I invest, write code, travel the world, and cook.

Including common-sense tips on how I commit code with confidence

I’m going to give you a quick but thorough breakdown of the front-end architecture of Risk And Relax.

If you are unfamiliar with the app, the best is to just play around with it first.

You can search for any American ticker and see a score based on the six most predictive fundamental factors that influence its price.

These six factors are based on research conducted on over 10 years of data spanning multiple recessions and across hundreds of tickers.

And I am adding new features every day. Soon, you will be able to get a list of high-scoring tickers sent directly to your phone without logging into the app.

But back to the topic of this writeup — front-end architecture.

When I say “architecture”, I really just mean things like …

  1. Folder structure
  2. File structure
  3. State management
  4. (Reusable) services
  5. Static variables
  6. CSS/Styling
  7. Unit & integration testing
  8. Abstraction of logic
  9. Single-purpose functions

And perhaps a few more things, sprinkled in.

I’ll cover all of these topics by simply walking through the folder structure first, making small but necessary diversions when something slightly unrelated comes up (i.e styling).

Writing maintainable, well-structured, and testable code is as much of an art as it is a science, and everybody has their opinion on everything, from which library to use, to even how to name a variable.

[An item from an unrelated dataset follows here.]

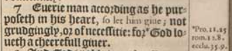 7 Euerie man according as he purposeth in his heart, so let him giue; not grudgingly, or of necessitie: for *God loueth a cheerefull giuer.[*Pro.11.25 rom.12.8. ecclu.35.9.]

In fact, the same code you write and are proud of today may be embarrassing to look at tomorrow.

That’s how fast things change.

As such, this writeup is a snapshot of the present. Right now.

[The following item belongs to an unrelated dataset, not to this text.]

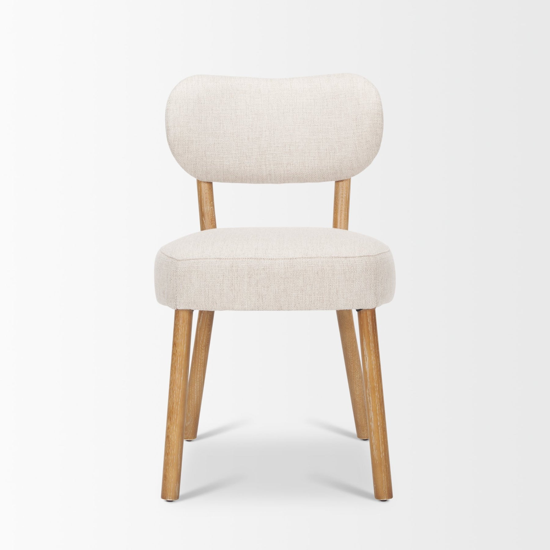 The Rouen Dining Chair has a medium brown wooden frame with white pickling and cushions upholstered in a luxe beige fabric.

To me, “good” code means I have to answer YES to what I call the Big 3 questions.

The Big 3 Questions

  1. Can I add a feature with the confidence that I won’t break existing functionality?
  2. Can I refactor code with the confidence that I won’t break existing functionality?
  3. Can I easily teach a new developer to do the above two steps in my codebase?

If the answer is YES to all three questions, then we’re headed in the right direction.

Okay — so let’s cut right to the chase.

Let’s get a few basic things out of the way.

The front-end of the application is built with React and uses hooks and Redux for state management. I’ll step through some of those shortly.

Also, you’ll notice that the code is in TypeScript.

Why?

With the colossal, almost daily progress made by the open-source community toward writing scalable JavaScript code, I believe there is no excuse to be writing loosely-typed, bug-prone, plain JavaScript code.

Typescript is rarely overkill, and it’s not a “nice to have”.

It is easy to set up, and creating types for all of your objects comes naturally after you do it just three to five times.

It saves hours of debugging (think runtime type-related errors).

Typescript or no script is how I see it.

If you are not too familiar with Typescript, this writeup will show you bits of it in a practical sense.

But, this writeup is not meant to be a comprehensive tutorial on Typescript, Redux, testing, or any of that stuff.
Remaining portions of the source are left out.